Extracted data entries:
[Start of section]

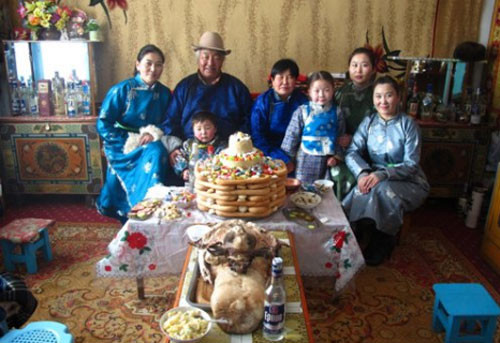 Tết âm lịch tại Mông Cổ được gọi là Tsagaan Sar, kéo dài từ mùng 1 đến mùng 3 âm lịch. Mỗi gia đình phải chuẩn bị hàng trăm chiếc bánh nhân thịt cừu gọi là buuz, một món ăn truyền thống dịp năm mới.
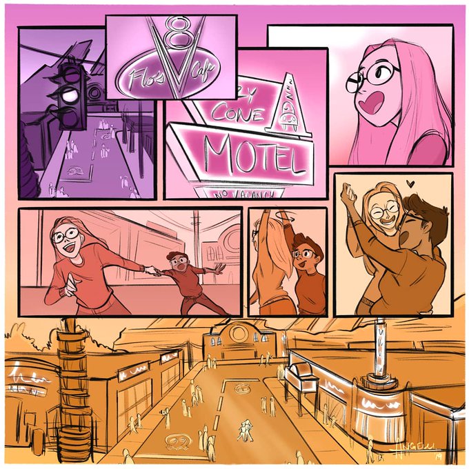 a comic spread of a sweet moment between me and my girlfriend in carsland! #queer #wlw #dailycomics #comic
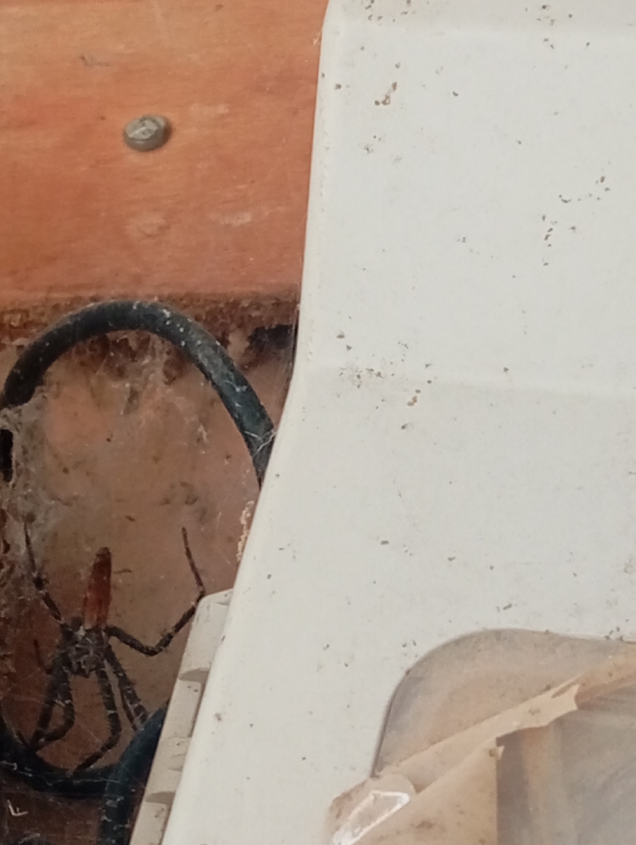 A close-up image depicts a dusty indoor corner in Gwafan, Nigeria. A large spider, exhibiting a reddish-brown cephalothorax and abdomen with dark, banded legs, is positioned on the left side of the frame, partially obscured. The spider is situated within an intricate web, with a dark, coiled cable visible behind it. The immediate background is a reddish-brown surface, likely wood or a painted wall, with a single silver screw head embedded in it. To the right, a significant portion of a light-colored, off-white object, possibly plastic or painted metal, fills the foreground. This object displays multiple small dark speckles and appears worn or dirty. In the lower right corner, a section of peeling material, consistent with tape or a veneer, is visible on the light-colored object. The overall environment suggests a neglected or utilitarian space, characterized by dust and cobwebs.
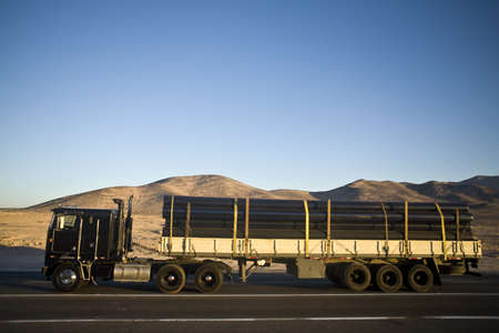 Building materials truck loaded with steel beams. Oversize load length restrictions concept
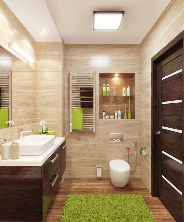 - Marron + vert - le plus combinaison harmonieuse. Il crée un sentiment d'unité avec la nature et ressemble à une forêt de feuillus. De nombreux designers ont du mal à travailler avec le vert comme couleur principale, mais dans ce cas, l'une de ses nuances sera avoir l'air harmonieux dans l'union avec brun. Si vous utilisez la dernière couleur comme couleur de base, vous pouvez la compléter en tandem avec plusieurs nuances de vert et de blanc. Si l'intérieur n'est pas supposé utiliser des nuances supplémentaires alors ce sera le plus de succès vert pomme ton. Le fait est qu'il est à la fois riche et doux, et parfaitement en harmonie avec le beige ou le sable, et avec un ton chocolat.
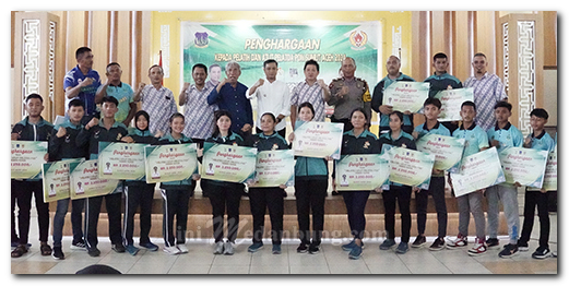 Pemberian penghargaan ini dilakukan di Gedung Hj Sawiyah Jalan Sutomo, Jumat (26/7/2024) dan dihadiri Pj. Wali Kota Tebing Tinggi, Dr. Moettaqien Hasrimi, S.STP., M.Si, Pj. Ketua TP PKK Kota Tebing Tinggi Ny. dr. Dara Caprina Moetaqqien, Ketua DPRD Basyaruddin Nasution, S.H., M.H., Kasat Samapta Polres AKP. Enda Tarigan, S.H., mewakili Kapolres Tebing Tinggi, Ketua KONI Sumut Jhon Ismadi Lubis, Ketua KONI Tebing Tinggi Anton King, Kadis Kominfo Dedi Parulian Siagian, S.STP., M.Si., Sekretaris Disporapar Safwan, S.KM., Plt. Kabag Prokopim Faisal Ahmad, S.Ag., pengurus cabor serta tamu undangan.
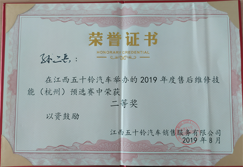 為進一步提高江西五十鈴客戶滿意度,提升售后綜合服務水平,8月13、14日兩天,江西五十鈴汽車銷售服務有限公司在全國組織2019年售后維修技能大賽活動,修理公司孫二兵同志代表連云港地區(qū)選手參加了杭州段的預選賽。比賽中,孫二兵同志憑借著扎實的理論基礎和熟練的操作技能,在激烈的比賽中獲得個人二等獎的好成績。
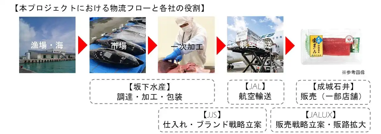 本プロジェクトは、沖縄県産「生まぐろ」のおいしさをぜひお客さまに味わっていただきたいという成城石井の想いと、坂下水産株式会社(沖縄県糸満市)の熟練した目利きによる厳選されたまぐろの仕入れ力および高度な加工技術力、そして氷を使わずに鮮度を保つ保冷機能付きコンテナによるJALグループの航空輸送技術が一体となり実現しました。 |
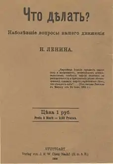 ![]() غلاف الطبعة الأولى من كتاب لينين ما العمل؟. 1902 | |
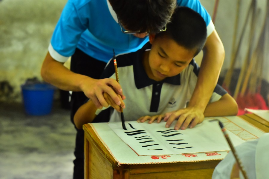 志愿者教学生书法
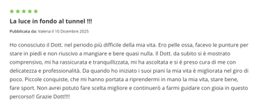 Credo fermamente che il successo nel raggiungere una salute ottimale sia il frutto di una collaborazione profonda tra professionista e paziente. Insieme si vince! Il mio obiettivo non è solo risolvere i tuoi disturbi, ma anche fornirti gli strumenti necessari per comprendere l'importanza di uno stile di vita corretto, di una nutrizione equilibrata e del cambiamento delle abitudini quotidiane.
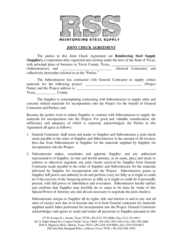 The parties to this Joint Check Agreement are Reinforcing Steel Supply
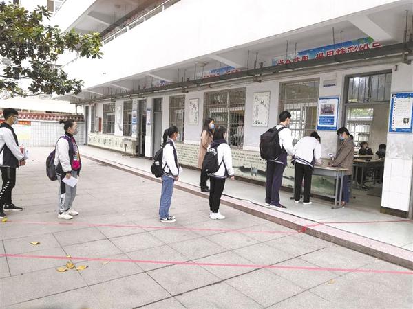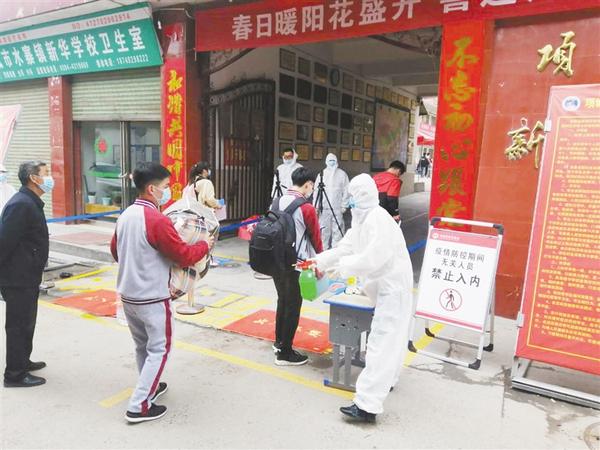 4月20日6時50分,記者在周口四中門口看到,學(xué)生們在家長的陪伴下陸續(xù)趕來,按照學(xué)校提前下發(fā)的入校流程,在校門口間隔一米距離有序排隊。然后,他們按規(guī)定依次遞交健康承諾表后,在值班教師的引導(dǎo)下,通過大門兩側(cè)設(shè)置的體溫測試通道入校,每個通道處都有工作人員負(fù)責(zé)引導(dǎo)學(xué)生、噴灑消毒液。
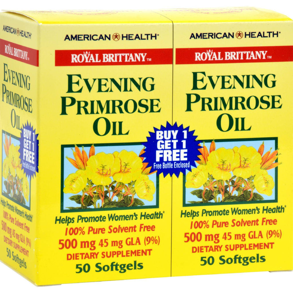 American Health Royal Brittany Evening Primrose Oil Twin Pack Description: Helps Promote Women's Health-- 100% Pure Solvent Free-- 45 mg GLA (9%)-- Buy 1 get 1 FREE Bonus Pack For centuries, women of all ages have depended on the reliability of Evening Primrose Oil. EPO contains one of the richest sources of Gamma-Linolenic Acid (GLA - 45 mg per serving), a fatty acid not commonly found in food.Popular with women of all ages, EPO helps provide nutritional support for women with PMS.Royal Brittany's EPO is the best product of its kind on the market. The EPO used for Royal Brittany is 100% natural, cold pressed, organically cultivated on protected, pesticide-free growing fields and is void of Hexane and all other solvent residue. Royal Brittany's EPO assures quality, reliability, and purity. Free Of Yeast, Wheat, Milk or Milk Derivatives, Lactose, Sugar, preservatives, soy, Artificial Flavor, color and sodium(less than 5 mg per serving). Disclaimer These statements have not been evaluated by the FDA. These products are not intended to diagnose, treat, cure, or prevent any disease.
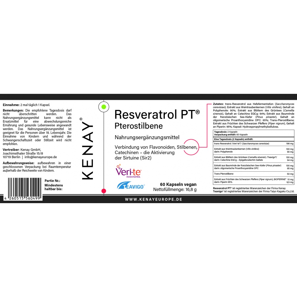 Ingredienti: estratto di radice di poligono del Giappone (Polygonum cuspidatum); contenuto di trans-resveratrolo - composto puro micronizzato: 95%, estratto di vinacciolo (Vitis vinifera), contenuto di proantocianidine: 90%, estratto di foglie di tè verde (Camellia sinensis), contenuto di catechine EGCg: 94%, estratto di corteccia di pino marittimo francese (Pinus pinaster) contenuto di proantocianidine oligomeriche OPC: 65%, estratto di frutti di mirtillo (Vaccinium L.), contenuto di pterostilbeni: 90%, estratto di frutti di pepe nero (Piper nigrum), contenuto di piperina: 95%, involucro della capsula: idrossipropilmetilcellulosa.
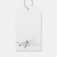 Baptême bébé / Christening Merci tag cadeau. Cette conception présente une illustration de feuillage vert et doré en aquarelle
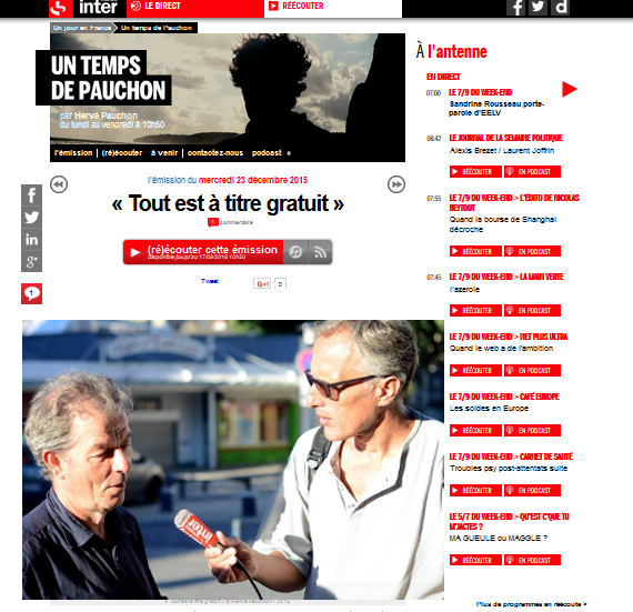 La chronique en question est intitulée « « Tout est à titre gratuit » » et vous pouvez la réécouter sur le lien https://www.radiofrance.fr/franceinter/podcasts/un-temps-de-pauchon/tout-est-a-titre-gratuit-4321907
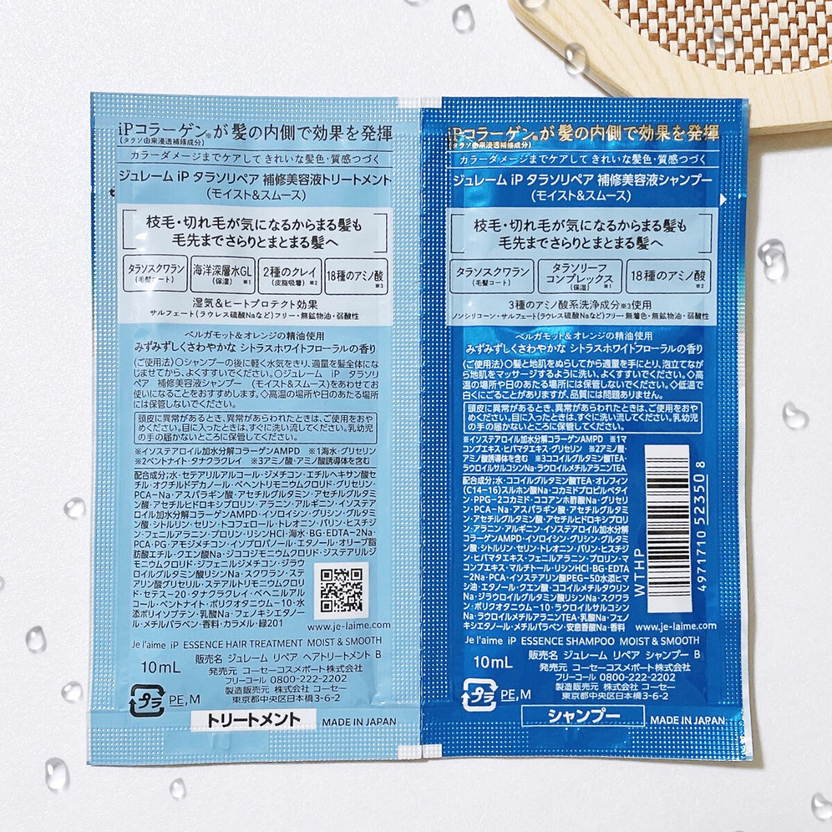 商品詳細情報Je l'aime iP タラソリペア 補修美容液 シャンプー/トリートメント (モイスト&スムース)
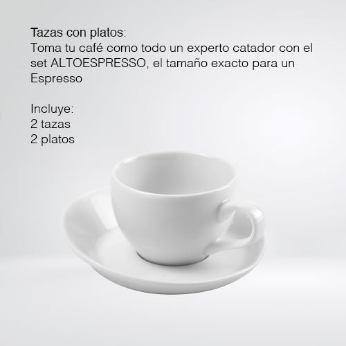 JUEGO DE 2 TAZAS PARA CAFE ESPRESSO CON PLATOS DE PORCELANA PREMIUM

[End of section]

• [What the task requires]
Give the data again exactly as written, with no pictures included.

• [Your solution]
 Tết âm lịch tại Mông Cổ được gọi là Tsagaan Sar, kéo dài từ mùng 1 đến mùng 3 âm lịch. Mỗi gia đình phải chuẩn bị hàng trăm chiếc bánh nhân thịt cừu gọi là buuz, một món ăn truyền thống dịp năm mới.
 a comic spread of a sweet moment between me and my girlfriend in carsland! #queer #wlw #dailycomics #comic
 A close-up image depicts a dusty indoor corner in Gwafan, Nigeria. A large spider, exhibiting a reddish-brown cephalothorax and abdomen with dark, banded legs, is positioned on the left side of the frame, partially obscured. The spider is situated within an intricate web, with a dark, coiled cable visible behind it. The immediate background is a reddish-brown surface, likely wood or a painted wall, with a single silver screw head embedded in it. To the right, a significant portion of a light-colored, off-white object, possibly plastic or painted metal, fills the foreground. This object displays multiple small dark speckles and appears worn or dirty. In the lower right corner, a section of peeling material, consistent with tape or a veneer, is visible on the light-colored object. The overall environment suggests a neglected or utilitarian space, characterized by dust and cobwebs.
 Building materials truck loaded with steel beams. Oversize load length restrictions concept
 - Marron + vert - le plus combinaison harmonieuse. Il crée un sentiment d'unité avec la nature et ressemble à une forêt de feuillus. De nombreux designers ont du mal à travailler avec le vert comme couleur principale, mais dans ce cas, l'une de ses nuances sera avoir l'air harmonieux dans l'union avec brun. Si vous utilisez la dernière couleur comme couleur de base, vous pouvez la compléter en tandem avec plusieurs nuances de vert et de blanc. Si l'intérieur n'est pas supposé utiliser des nuances supplémentaires alors ce sera le plus de succès vert pomme ton. Le fait est qu'il est à la fois riche et doux, et parfaitement en harmonie avec le beige ou le sable, et avec un ton chocolat.
 Pemberian penghargaan ini dilakukan di Gedung Hj Sawiyah Jalan Sutomo, Jumat (26/7/2024) dan dihadiri Pj. Wali Kota Tebing Tinggi, Dr. Moettaqien Hasrimi, S.STP., M.Si, Pj. Ketua TP PKK Kota Tebing Tinggi Ny. dr. Dara Caprina Moetaqqien, Ketua DPRD Basyaruddin Nasution, S.H., M.H., Kasat Samapta Polres AKP. Enda Tarigan, S.H., mewakili Kapolres Tebing Tinggi, Ketua KONI Sumut Jhon Ismadi Lubis, Ketua KONI Tebing Tinggi Anton King, Kadis Kominfo Dedi Parulian Siagian, S.STP., M.Si., Sekretaris Disporapar Safwan, S.KM., Plt. Kabag Prokopim Faisal Ahmad, S.Ag., pengurus cabor serta tamu undangan.
 為進一步提高江西五十鈴客戶滿意度,提升售后綜合服務水平,8月13、14日兩天,江西五十鈴汽車銷售服務有限公司在全國組織2019年售后維修技能大賽活動,修理公司孫二兵同志代表連云港地區(qū)選手參加了杭州段的預選賽。比賽中,孫二兵同志憑借著扎實的理論基礎和熟練的操作技能,在激烈的比賽中獲得個人二等獎的好成績。
 本プロジェクトは、沖縄県産「生まぐろ」のおいしさをぜひお客さまに味わっていただきたいという成城石井の想いと、坂下水産株式会社(沖縄県糸満市)の熟練した目利きによる厳選されたまぐろの仕入れ力および高度な加工技術力、そして氷を使わずに鮮度を保つ保冷機能付きコンテナによるJALグループの航空輸送技術が一体となり実現しました。 |
 ![]() غلاف الطبعة الأولى من كتاب لينين ما العمل؟. 1902 | |
 志愿者教学生书法
 Credo fermamente che il successo nel raggiungere una salute ottimale sia il frutto di una collaborazione profonda tra professionista e paziente. Insieme si vince! Il mio obiettivo non è solo risolvere i tuoi disturbi, ma anche fornirti gli strumenti necessari per comprendere l'importanza di uno stile di vita corretto, di una nutrizione equilibrata e del cambiamento delle abitudini quotidiane.
 The parties to this Joint Check Agreement are Reinforcing Steel Supply
 4月20日6時50分,記者在周口四中門口看到,學(xué)生們在家長的陪伴下陸續(xù)趕來,按照學(xué)校提前下發(fā)的入校流程,在校門口間隔一米距離有序排隊。然后,他們按規(guī)定依次遞交健康承諾表后,在值班教師的引導(dǎo)下,通過大門兩側(cè)設(shè)置的體溫測試通道入校,每個通道處都有工作人員負(fù)責(zé)引導(dǎo)學(xué)生、噴灑消毒液。
 American Health Royal Brittany Evening Primrose Oil Twin Pack Description: Helps Promote Women's Health-- 100% Pure Solvent Free-- 45 mg GLA (9%)-- Buy 1 get 1 FREE Bonus Pack For centuries, women of all ages have depended on the reliability of Evening Primrose Oil. EPO contains one of the richest sources of Gamma-Linolenic Acid (GLA - 45 mg per serving), a fatty acid not commonly found in food.Popular with women of all ages, EPO helps provide nutritional support for women with PMS.Royal Brittany's EPO is the best product of its kind on the market. The EPO used for Royal Brittany is 100% natural, cold pressed, organically cultivated on protected, pesticide-free growing fields and is void of Hexane and all other solvent residue. Royal Brittany's EPO assures quality, reliability, and purity. Free Of Yeast, Wheat, Milk or Milk Derivatives, Lactose, Sugar, preservatives, soy, Artificial Flavor, color and sodium(less than 5 mg per serving). Disclaimer These statements have not been evaluated by the FDA. These products are not intended to diagnose, treat, cure, or prevent any disease.
 Ingredienti: estratto di radice di poligono del Giappone (Polygonum cuspidatum); contenuto di trans-resveratrolo - composto puro micronizzato: 95%, estratto di vinacciolo (Vitis vinifera), contenuto di proantocianidine: 90%, estratto di foglie di tè verde (Camellia sinensis), contenuto di catechine EGCg: 94%, estratto di corteccia di pino marittimo francese (Pinus pinaster) contenuto di proantocianidine oligomeriche OPC: 65%, estratto di frutti di mirtillo (Vaccinium L.), contenuto di pterostilbeni: 90%, estratto di frutti di pepe nero (Piper nigrum), contenuto di piperina: 95%, involucro della capsula: idrossipropilmetilcellulosa.
 Baptême bébé / Christening Merci tag cadeau. Cette conception présente une illustration de feuillage vert et doré en aquarelle
 La chronique en question est intitulée « « Tout est à titre gratuit » » et vous pouvez la réécouter sur le lien https://www.radiofrance.fr/franceinter/podcasts/un-temps-de-pauchon/tout-est-a-titre-gratuit-4321907
 商品詳細情報Je l'aime iP タラソリペア 補修美容液 シャンプー/トリートメント (モイスト&スムース)
 JUEGO DE 2 TAZAS PARA CAFE ESPRESSO CON PLATOS DE PORCELANA PREMIUM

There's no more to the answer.